Sunday, February 8, 2009

Consequences

Speaker Pelosi says we are losing 500 million jobs every month, so we need to act now. According to the Census Bureau Population Clock there are about 306 million people in the U.S. The magnitude of Speaker Pelosi's error makes me wonder if she did not commit some other errors of magnitude when she helped draft the Recovery and Reinvestment Act. Increased spending of the magnitude that contained in the Act will harness our future with an incredible debt.

Simple interest on the Act's trillion dollar spending spree is somewhere in the neighborhood of 35 to 45 billion dollars a year. Can we really afford that?

What got us into this mess were rocketing home prices caused by questionably-qualified mortgages, congressional interference pushing Fannie Mae and Freddie Mac to purchase risky mortgages, lax oversight and unethical congressional behavior and historically low interest rates, all of which was rationalized on sky rocketing home prices. That's right. Rising prices lulled lenders into making 100 percent or no money down mortgages. President Clinton pushed through modifications to the Community Reinvestment Act and Congress, instead of providing oversight pushed Fannie and Freddie to do more and accept ever riskier mortgages. Alan Greenspan contributed by keeping interest rates low. All of which kept home buyers motivated to offer ever higher prices. Prices that everyone relied upon to explain their behavior, which in turn pushed prices higher1!
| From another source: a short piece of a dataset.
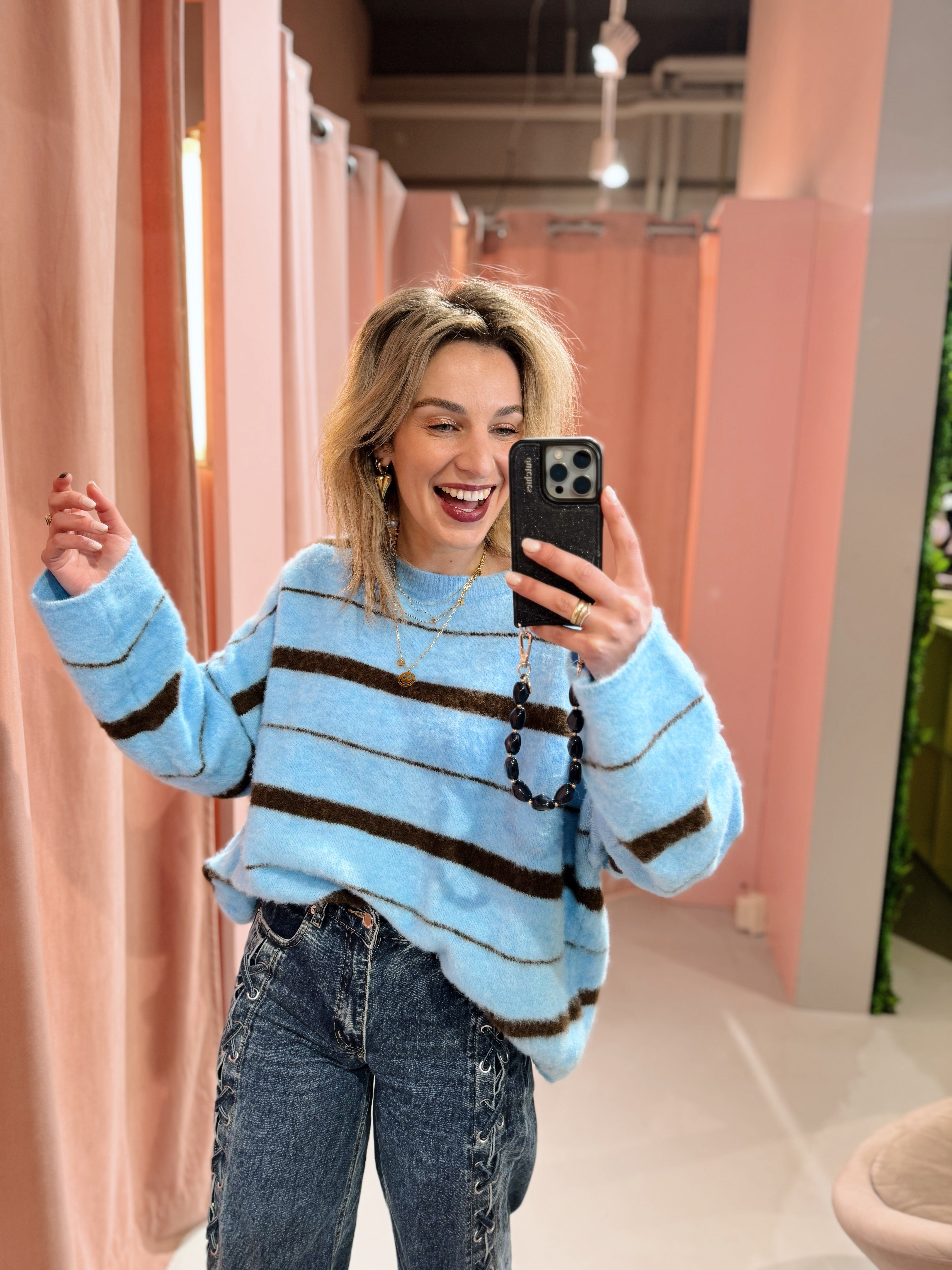 De Pia Knit in blauw is een pluizige knit met een oversized, boxy model. De trui is gemaakt van een gebreid materiaal, heeft lange mouwen en een ronde halslijn. Doordat de trui voorzien is van een streep patroon, is het een leuke kleurrijke toevoeging aan je outfit!

When the government borrows money, it can take on many forms including notes, bonds and bills. But mostly Government borrowing is more like a uncapped adjustable rate, interest only loans. When the government needs money the Treasury issues various instruments and then according to the terms and conditions contained therein Treasury makes interest payments at various intervals. Currently the long term rates are at about 4.5 percent.

The problem is, for every 1 percent increase in the repayment interest rate, we increase our burden another 10 billion dollars. Since there are no market caps on how much the repayment rate can increase or decrease we can not accurately forecast how much this debt will cost us. If everyone stopped supporting our debt and demanded the repayment of their principal investment, the Government would fail. The bottom line is that no one can say or predict with any clarity what will happen and how much we will eventually owe.

Remember the surge in gas prices? Most industry analysts now agree that the most likely cause of the steep and rapid increase of oil prices was speculators. What if speculators start artificially manipulating the Treasury market. Interest rates could shoot up and our debt could skyrocket.

Consider too that this is a course of action from which we cannot retreat. We cannot default or walk away from our debt because once we accept the money and spend it, we are burdened with the debt until we can retire it and repay principal obligation.

Which gets us back to the Act. President Obama, Speaker Pelosi and myriad others say if we don't spend money now we may never recover. But at what price? No one can say for sure what that price is or what will happen if we pass the bill or if we do not.

Therefore, it is my fervent hope that all the Senators and Representatives think about the consequences of the Act before they cast their vote. I for one hope they stand up to President Obama's and Speaker Pelosi's dire admonition that we must do something and vote NO on the Recovery and Reinvestment Act.